REQUIRED ACTION: Once the line with "クロコノマチョウの幼虫が「サ" is found in the data, output it and each following line exactly, up to and including the line with "Zitácuaro, Mich., 2", and nothing before or after.

EXERCISE MATERIAL:
#####
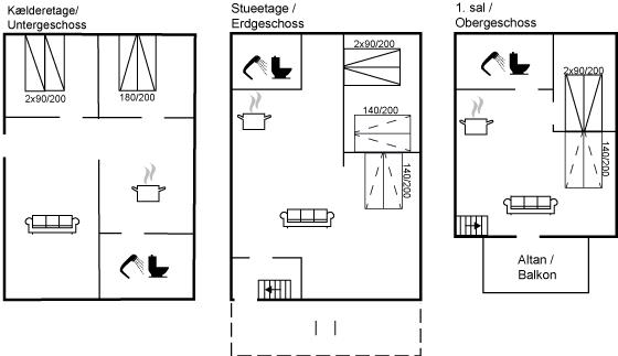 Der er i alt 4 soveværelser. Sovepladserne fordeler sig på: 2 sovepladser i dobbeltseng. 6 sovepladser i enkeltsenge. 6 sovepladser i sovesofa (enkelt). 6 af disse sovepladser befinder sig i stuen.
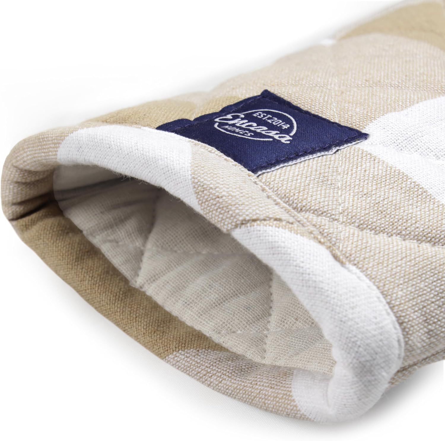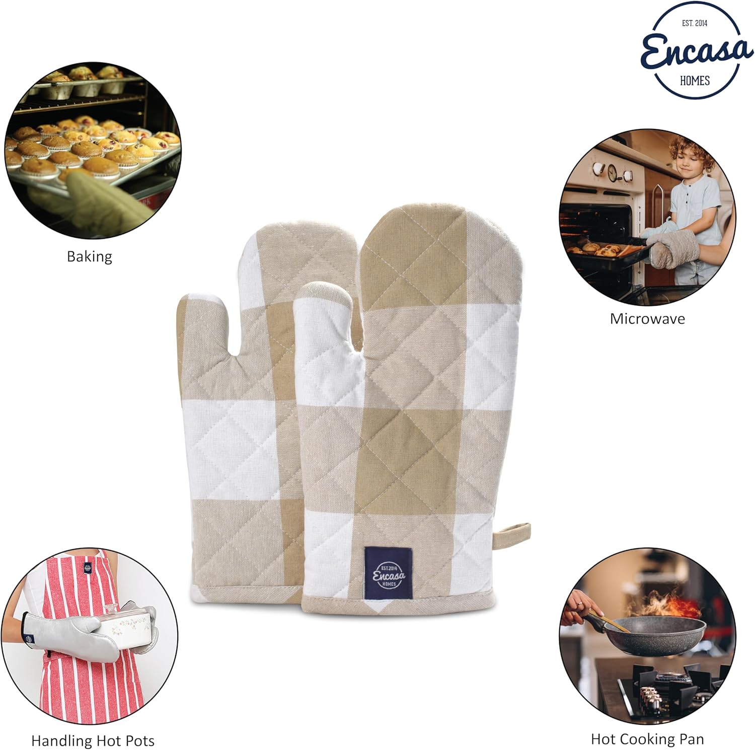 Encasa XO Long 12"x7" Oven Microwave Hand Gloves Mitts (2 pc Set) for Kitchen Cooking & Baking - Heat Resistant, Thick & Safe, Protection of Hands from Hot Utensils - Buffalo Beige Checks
#####
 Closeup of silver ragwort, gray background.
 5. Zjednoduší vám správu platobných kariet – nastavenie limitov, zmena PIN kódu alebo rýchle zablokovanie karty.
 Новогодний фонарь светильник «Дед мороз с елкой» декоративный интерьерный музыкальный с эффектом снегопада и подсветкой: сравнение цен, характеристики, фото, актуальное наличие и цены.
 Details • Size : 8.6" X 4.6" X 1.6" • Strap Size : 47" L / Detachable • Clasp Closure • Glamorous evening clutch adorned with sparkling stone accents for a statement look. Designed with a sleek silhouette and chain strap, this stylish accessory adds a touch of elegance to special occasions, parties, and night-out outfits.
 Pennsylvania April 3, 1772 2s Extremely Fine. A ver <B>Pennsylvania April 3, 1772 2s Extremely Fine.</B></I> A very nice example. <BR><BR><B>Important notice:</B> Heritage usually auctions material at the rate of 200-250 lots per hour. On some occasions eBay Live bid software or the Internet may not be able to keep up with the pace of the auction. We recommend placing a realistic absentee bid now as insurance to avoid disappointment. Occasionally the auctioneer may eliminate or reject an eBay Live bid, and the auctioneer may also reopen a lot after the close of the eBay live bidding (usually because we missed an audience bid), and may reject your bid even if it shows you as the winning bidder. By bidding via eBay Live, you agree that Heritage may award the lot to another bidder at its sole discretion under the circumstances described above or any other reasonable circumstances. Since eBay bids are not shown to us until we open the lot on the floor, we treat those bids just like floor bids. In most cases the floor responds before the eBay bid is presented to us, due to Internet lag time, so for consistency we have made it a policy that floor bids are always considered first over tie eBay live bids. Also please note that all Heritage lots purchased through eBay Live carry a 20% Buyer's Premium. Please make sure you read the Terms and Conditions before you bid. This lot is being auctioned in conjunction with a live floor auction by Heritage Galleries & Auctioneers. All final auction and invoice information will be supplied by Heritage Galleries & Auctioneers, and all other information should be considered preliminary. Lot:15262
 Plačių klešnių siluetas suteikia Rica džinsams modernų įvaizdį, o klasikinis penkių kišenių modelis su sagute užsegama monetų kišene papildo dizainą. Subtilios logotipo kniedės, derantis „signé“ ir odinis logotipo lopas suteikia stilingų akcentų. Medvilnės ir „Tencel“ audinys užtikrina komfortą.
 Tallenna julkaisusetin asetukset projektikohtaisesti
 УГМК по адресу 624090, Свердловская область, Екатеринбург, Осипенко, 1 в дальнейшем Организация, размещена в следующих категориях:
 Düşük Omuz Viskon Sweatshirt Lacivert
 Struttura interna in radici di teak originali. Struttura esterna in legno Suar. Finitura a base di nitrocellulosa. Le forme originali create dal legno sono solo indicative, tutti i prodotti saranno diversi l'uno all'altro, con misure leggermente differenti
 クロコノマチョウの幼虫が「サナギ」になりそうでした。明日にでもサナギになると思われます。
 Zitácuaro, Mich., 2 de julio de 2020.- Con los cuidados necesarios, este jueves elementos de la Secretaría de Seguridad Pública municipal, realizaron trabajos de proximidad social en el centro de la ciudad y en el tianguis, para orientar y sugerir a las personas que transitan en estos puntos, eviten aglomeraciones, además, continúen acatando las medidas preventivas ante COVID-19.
#####
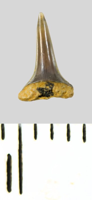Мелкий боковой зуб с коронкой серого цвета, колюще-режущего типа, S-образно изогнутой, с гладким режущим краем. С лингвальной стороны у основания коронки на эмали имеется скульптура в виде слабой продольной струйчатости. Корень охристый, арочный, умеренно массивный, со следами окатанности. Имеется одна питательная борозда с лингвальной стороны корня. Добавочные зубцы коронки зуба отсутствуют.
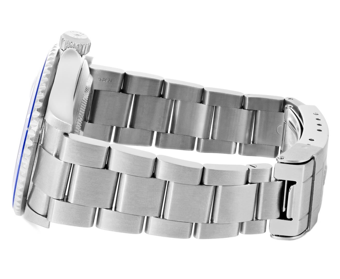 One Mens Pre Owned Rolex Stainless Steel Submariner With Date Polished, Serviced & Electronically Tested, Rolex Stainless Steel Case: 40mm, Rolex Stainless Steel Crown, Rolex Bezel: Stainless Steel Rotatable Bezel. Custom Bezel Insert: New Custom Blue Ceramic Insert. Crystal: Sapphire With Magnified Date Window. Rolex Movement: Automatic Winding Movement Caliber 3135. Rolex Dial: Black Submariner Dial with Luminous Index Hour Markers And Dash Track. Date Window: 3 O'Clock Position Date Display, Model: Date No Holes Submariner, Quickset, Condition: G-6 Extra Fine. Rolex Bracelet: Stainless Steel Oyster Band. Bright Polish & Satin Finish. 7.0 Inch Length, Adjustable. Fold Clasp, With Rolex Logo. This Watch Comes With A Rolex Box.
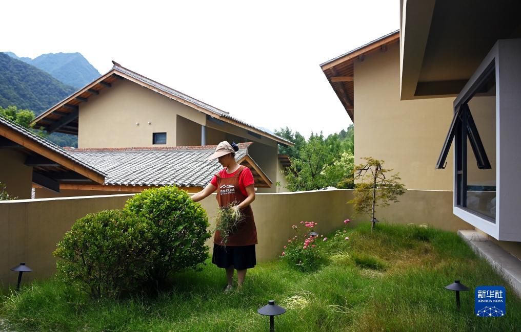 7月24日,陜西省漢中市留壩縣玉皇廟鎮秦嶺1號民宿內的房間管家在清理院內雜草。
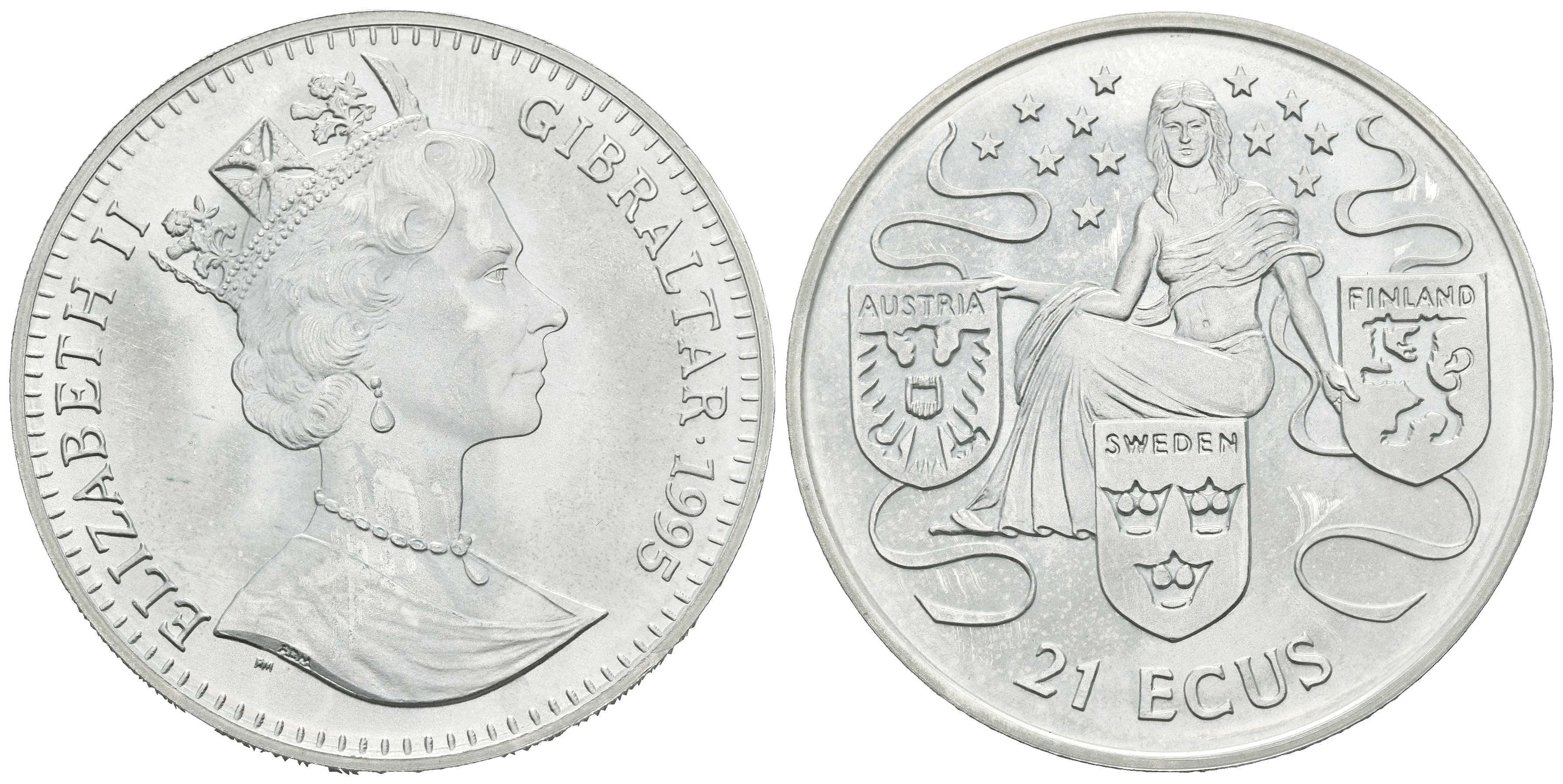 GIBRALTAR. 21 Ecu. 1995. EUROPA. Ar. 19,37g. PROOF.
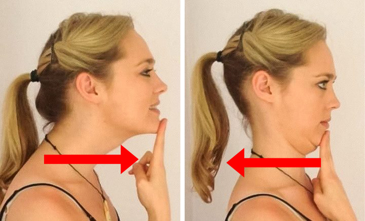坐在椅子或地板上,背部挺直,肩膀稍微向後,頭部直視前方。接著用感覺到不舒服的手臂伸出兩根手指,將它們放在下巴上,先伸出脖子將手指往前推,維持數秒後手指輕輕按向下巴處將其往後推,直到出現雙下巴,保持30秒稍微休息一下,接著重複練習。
#####
ANSWER:
 クロコノマチョウの幼虫が「サナギ」になりそうでした。明日にでもサナギになると思われます。
 Zitácuaro, Mich., 2 de julio de 2020.- Con los cuidados necesarios, este jueves elementos de la Secretaría de Seguridad Pública municipal, realizaron trabajos de proximidad social en el centro de la ciudad y en el tianguis, para orientar y sugerir a las personas que transitan en estos puntos, eviten aglomeraciones, además, continúen acatando las medidas preventivas ante COVID-19.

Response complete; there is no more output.